Increasing Light Speed

Please refer to the later post "No Sustained "Bood" dated 14 Jul 2016.  No oscillations.
In the post "Energy Accounting With Fourier" dated 08 Jul 2016, it was proposed that \(E\) itself has speed \(c\) that varies in a sinusoidal, 


\(v=c_{max}sin(t)+c_o\)

When \(E\) is above light speed in lapses into the time dimension.  \(E\) is Fourier transformed 

\(E\overset{Fourier}{\longrightarrow }B\)

to \(B\).

If this is the case, the average light speed, \(c_{ave}\)

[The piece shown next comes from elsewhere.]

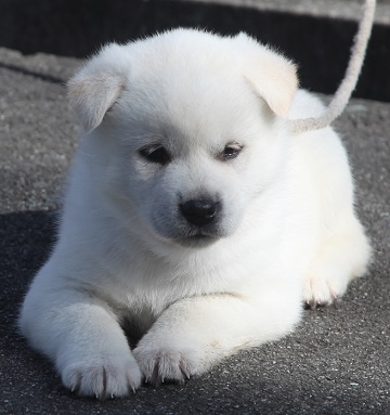 電子メールは次にお願いします e-mail: syokota@peach.ocn.ne.jp 【紀州犬の子犬情報】 (下をクリックすると詳細をご覧いただけます) ○紀州犬の子犬、胡麻毛、メス、2019年8月26日生まれ。横田俊英携帯070-7490-9944。 2020年5月5日に撮影−生後8カ月と2週間−紀州犬、胡麻毛、メス。動画。YouTube。 ![]() 山梨県の富士山麓から流れです道志川が津久井ダムに落ちる付近で撮影しました。川の流れの音が大きく録音されております。晴れた日でしたが時折雲がかかりました。 犬の体高は肩甲骨のところで測定します。この紀州犬、胡麻毛、メスの体高は2020年5月5日の計測で42cmでした。 柴犬の体高は平均的に、雄は38cmから41cm。雌は35cmから38cmの間です。中型日本犬の紀州犬、四国犬、甲斐犬、北海道犬の体高 雄の標準体高は52cm、雌は49cmです。 平均的に、雄は49cmから55cm、雌は46cmから49cmの間です。 体高の伸びを含めて成長が緩かったこの犬はこのところ眼に見えて大きくなっています。紀州犬の胡麻毛は世間には知られていないのですが少なからずおります。戦前は胡麻毛の紀州犬のほうが多かったのです。毛の色が白になるとあまりにも単純になってしまいます。胡麻毛の紀州犬は白に近い灰色から黒に近い色までさまざまおります。茶色の毛のことを赤とか丹といいます。灰色と黒の毛とともに丹があわさります。 この胡麻毛は現在のところ単純な胡麻毛です。柴犬の赤毛と比較すると胡麻毛のようすが灰色にもみえます。柴犬は紀州犬をそのまま縮小した体型ではありません。紀州犬の体型の伸びやかさはすぐれた特質であるように思われます。最も犬種団体によって柴犬の体型は違いますから一概には申し上げられません。 白毛の紀州犬は全身が真っ白かというとそうではありません。黒い紙に白い絵の具で犬の形を書いたのが紀州犬の白毛ではないのです。耳先、背筋、尾の先後、肢の裏側などは茶色の毛が混じります。程度はまちまちですが紀州犬の白毛とはそのようなことなのです。 背丈が伸びるのと同時に胸部と腰部がしっかりしました。均整がとれていてとても美しい姿です。口吻部分は日本犬は子犬のころには黒いマスクがあります。この胡麻毛の犬はマスクが薄れました。上顎のマスクは薄れましたが下顎のマスクは残っています。毛の色も黒だったのが茶色の丹に移行してさらに灰色に見えるようすです。現在の状態は胡麻毛です。黒が強ければ黒胡麻です。黒の毛が少なくて茶色に見えれば赤毛です。赤毛と黒毛がうんと少なければ灰色です。灰胡麻になります。山間地の泥水をあびて乾いた状態をぬた毛といいます。灰胡麻とぬた毛の区別があるかどうか知りません。 胡麻毛の紀州犬を飼っていると子犬のときに真っ黒だったのがどのように変化していくかを楽しむことができます。紀州犬の胡麻毛は渋い毛色です。渋好みの人に似合う紀州犬の胡麻毛です。 2020年4月11日に撮影−生後7カ月と7日−で背丈は39cmで柴犬のオスのサイズの紀州犬、胡麻毛。動画。YouTube。 (タイトル及び写真をクリックすると動画を再生できます)https://youtu.be/I6I1T85bw8Y ![]() 南アルプスが見える甲府盆地の宿の庭で撮影してました。車酔いをしません。 2020年4月4日に撮影−生後7カ月で背丈は38cmの紀州犬、胡麻毛、メスと生後90日の紀州犬の子犬、白、オス。動画。YouTube。 (タイトル及び写真をクリックすると動画を再生できます)https://youtu.be/CVWPympgNLc ![]() 八ヶ岳がよく見える場所で撮影しました。 小さな紀州犬のメスです。胡麻毛であります。歯が全部そろっていて綺麗な歯並びです。口吻は細いのでメスっぽいですがもう少し太くてもよいと思ってっています。食事のを内容を変えました。豚肉を煮てランミールというドッグフードに混ぜています。1週間ほど与えたら身体が肥えました。胸の幅がでました。この胡麻毛のメス犬は賢いのです。車のケージに入るように促すと小さなケージに収まるように身体を縮めます。見た目にも可愛そうだから大きなケージで旅行にでるようにしました。知らない人が家に近づくとワンワンと吠えます。知った人だと吠えません。 生後90日の紀州犬の子犬、白、オスは、四角い口吻にみえていたのが丸くなりました。巻きが強い尾は少し立ち上がってきました。生後60日の子犬と比べると頭が何倍もの大きさにみえます。口を開けると乳歯です。前日に胡麻と噛み合ったら下顎の二本の門歯の乳歯が抜けておりました。この日、牛皮でできた骨っこを咬ましていたら上顎の二本の門歯も取れました。頭も形も大きな犬ですが生後90日であることは乳歯で証明します。歯は子犬の月齢を良く物語ります。舌班はありません。眼の沈みが欲しい感じです。目の色ももう少し黒くあって欲しい。眼淵の色素が甘いので目の色を淡くみせているのかも知れません。散歩をしているときに見える肛門の色素は肌色です。肛門の色も黒い方が良い。上の好ましくない状態の正反対にあるのが胡麻毛の紀州犬の7カ月です。こ

\(c_{ave}=c_{max}.\cfrac{1}{\pi}\int_{0}^{\pi}{sin(x)}+c_o\)

\(c_{ave}=\cfrac{2}{\pi}c_{max}+c_o\)

It is likely that when we measure light speed by observing \(E\) or \(B\),

\(c_{measured}=c_{ave}=\cfrac{2}{\pi}c_{max}+c_o\) 

we are measuring \(c_{ave}\) and not \(c_o\).  If \(c_{max}\) increases linearly with \(E\) then it might be possible to obtain \(c_o\), the true light speed, by extrapolating from varies values of \(c_{max}\) to the c-intercept when \(E=0\).

This might explain why \(c\) seems to increase with increasing \(E\).